The Muriel Kallis Steinberg Newman Collection is the only existing collection of Abstract Expressionist works that were amassed at the time of their creation. I was fascinated by Ms. Steinberg’s collecting philosophy and her vision. Ms. Kwon extrapolated on this avant-garde collector who saw the Abstract Expressionists as social revolutionaries whose work, through medium, color, form, scale and texture reflected a new vision. Ms. Newman was known for her intelligence and enthusiasm and merged her history as a painter, her love for New York, and her intuitive eye for modern art into one of the most important collections of Abstract Expressionist art in the world. She was born in Chicago in 1914 and attended the School of the Art Institute of Chicago, the Institute of Design, and the University of Chicago. In 1938, she married Jay Z. Steinberg. She loved to visit New York. In 1949 on one of her excursions in the city one of her art professors from Chicago introduced her to ‘The Club.’ Steinberg was immediately drawn to their ideals and the aesthetic behind them and Ms.
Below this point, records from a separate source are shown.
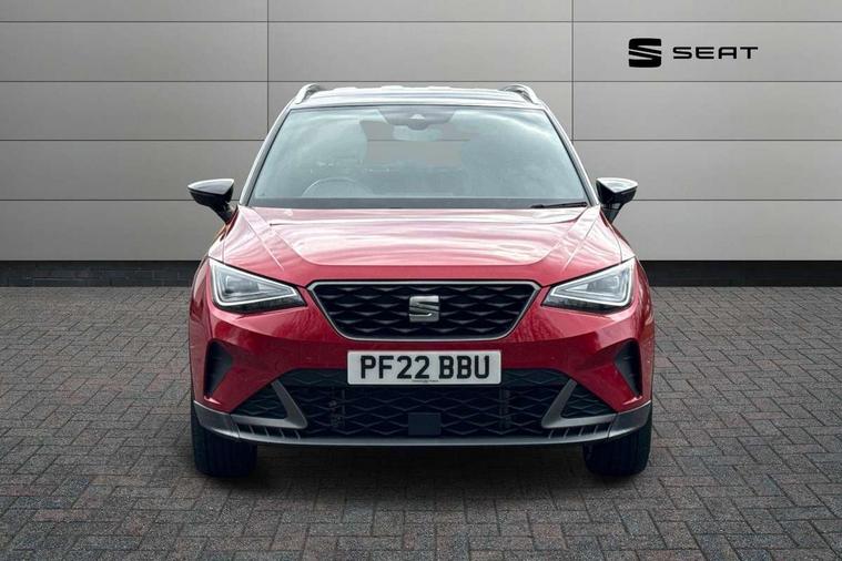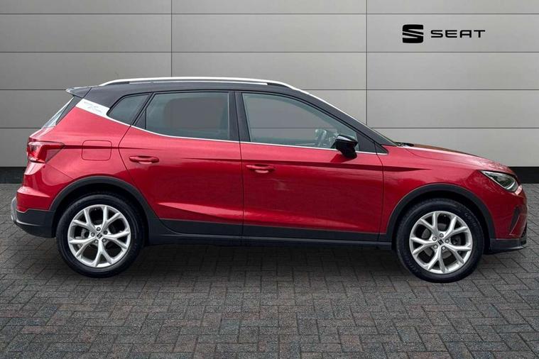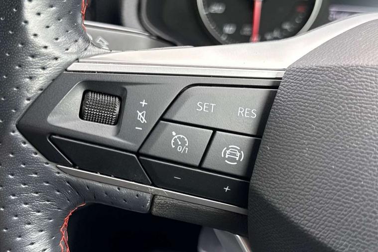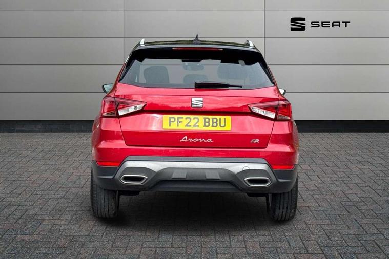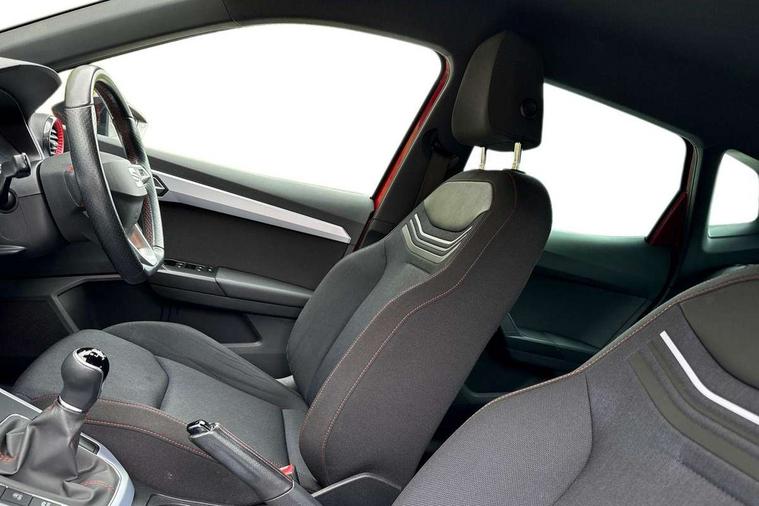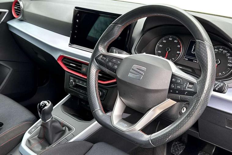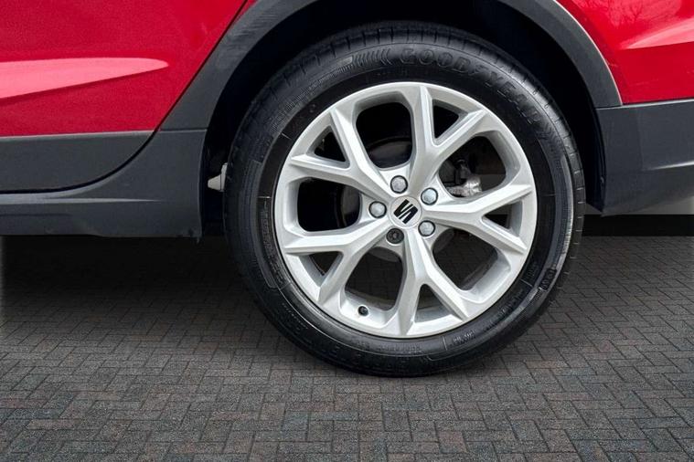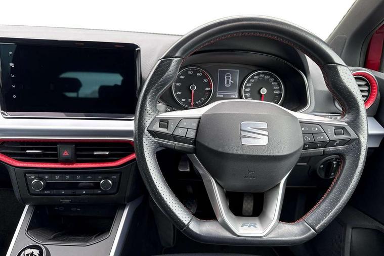 'Lights On' Reminder warning buzzer, 8" Digital cockpit, Digital clock, E-call, Electric speed sensitive power steering, Full Link Smartphone Integration with Mirror Link, Apple Car Play, Google Android Auto with USB Type C cable for Apple and Android compatibility, Lane keeping system, Low fuel warning light, Outside temperature display, Rear parking sensor, RPM counter, Seat connect with safety, service, remote and online, SEAT Drive profile - Four different models normal-sport-eco-individual, steering response, throttle response, Trip computer, Bluetooth interface for hands free and audio streaming, DAB digital radio and AM/FM radio, Steering wheel mounted audio controls, Anti theft roof antenna, Auto dimming interior rear view mirror, Automatic activation of hazard warning lights, Body coloured bumpers, Body coloured door handle inserts, Chrome roof rails and window surrounds, Dark tinted rear windows, Electric front/rear windows, Electrically adjustable, heated and folding door mirrors, Front fog lights with cornering function and rear fog light, FULL LED automatic headlights with dynamic headlight range control, coming and leaving home, LED daytime running lights, LED rear tail lights and licence plate lights, Protective side mouldings, Rain sensing wipers, Rear side wing doors, Rear spoiler, Rear window wash/wipe, Roof colour door mirrors, Third brake light, Twin exhaust pipe styling hidden exhaust pipe, Visible VIN plate, Windshield wiper with intermittent control and potentiometer, 2 cupholders, 3 seat bench in 2nd row, 60/40 split folding rear seat, Aircare filter, Black interior roof, Cloth upholstery, Double boot floor, Driver sunvisor with covered mirror + card holder, Dual zone climate control, Front courtesy light with 2x front and 2x rear reading lights, Front sport seats, Gear shift indicator, Height adjustable front seats, Height/reach adjustable steering column, Illuminated boot, Instrument lighting with brightness control, Interior ambient lighting, Interior light in footwell, central console and door panel, ISOFIX points in outer rear seats with top tether anchorage points, Passenger sunvisor with vanity mirror, Perforated flat bottomed leather steering wheel/gear knob/handbrake with red stitching and FR logo, Single front passenger seat, Two front and three rear height adjustable headrests, Connectivity pack plus - Arona, Interior chrome pack - Arona, 3 point seatbelts on all rear seats, ABS, Active front headrests, Child locks on rear doors, Driver and front passenger airbags with front passenger airbag de activation, front side and curtain airbags, Electronic stability control, Emergency Brake Assist (EBA) and front assist, Front and rear seatbelt reminder, Hill hold control, Multi-Collision braking, Tiredness recognition system, Traction control, Tyre pressure monitoring system, Alarm with back-up horn, Electronic engine immobiliser, Locking wheel bolts, Remote central locking + deadlocks, Tow away protection, Titan black dashboard, 17" Dynamic alloy wheels,
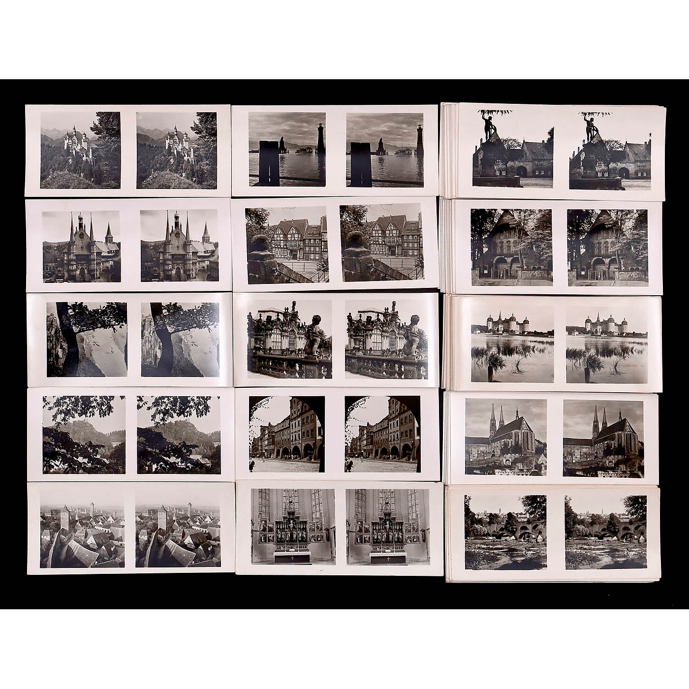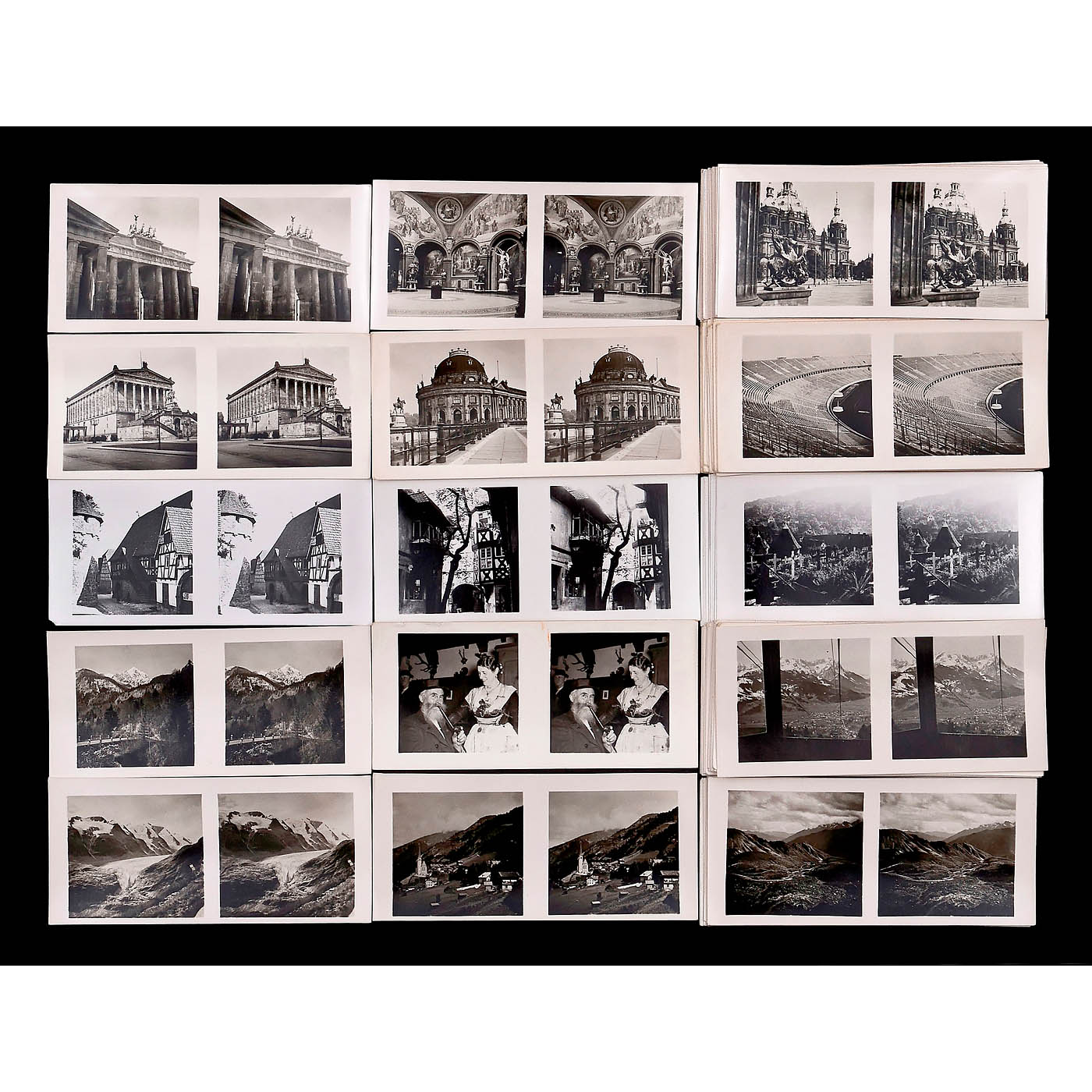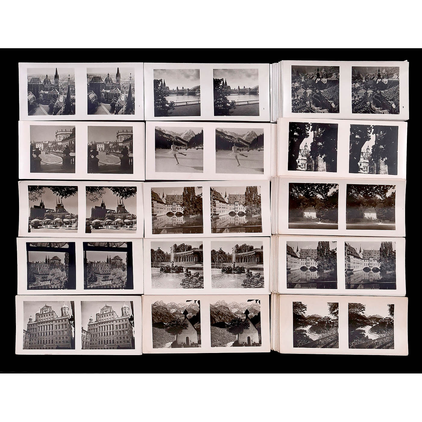 Sch?nstein, Oberaudorf. All approx. 370 stereo cards in 6 x 13 cm format with reverse printing, mostly in German/English, in good condition, without boxes. 1) Beautiful Homeland, cultural monuments, cities, landscapes of the states of Northwest Germany 1–24. – 2) Beautiful Homeland, cultural monuments, cities, landscapes of the states of Southern Germany I–XXI. – 3) German Homeland Series I 1–30 (including Weimar). – 4) German Homeland Series I 1–30, some with different images in different numbers. – 5) German Homeland Series II 1–30 (30 = Bremen). – 6) German Homeland Series II 1–30, some with different images in different numbers (30 = Aachen). – 7) German Homeland Series III 1–30. – 8) German Homeland Series IV 1–30. – 9) Unforgettable Homeland – Silesia 1–15. – 10) Rothenburg ob der Tauber 1–15. – 11) Berlin – Potsdam 1–30 (2 = Schwerin Palace). – 12) Berlin – Potsdam 1–27, partly different pictures (2 = old library) – 13) Quiet Corners in the Palatinate 1–15. – 14) Across Upper Bavaria 1–33. – And: 15) The Grossglockner Road 1–15. – Very rarely found individually, a great rarity!
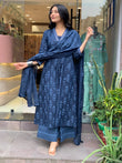 Women Cotton Ikkat Blue Kurta Pant and Dupatta set

Newman proceeded to collect their work with great discernment. By 1954 she had amassed a collection of superb paintings by Pollock, de Kooning, Kline, and Rothko.

I was moved by the passionate gestural brash work featured in Franz Klines 1950 Nijinsky. Ms. Kwon explained that Kline projected sketches on an overhead onto a window shade that he would affix to a wooden frame. Kline proceeded to paint abstract forms onto his makeshift canvasses and would use old newspapers to blot out undesired sections of his work. Experiencing this exhibition while learning about the social history of Washington Square Park has inspired my personal interest in painting and design. I look forward to further exploring the material culture that surrounds these revolutionary artists.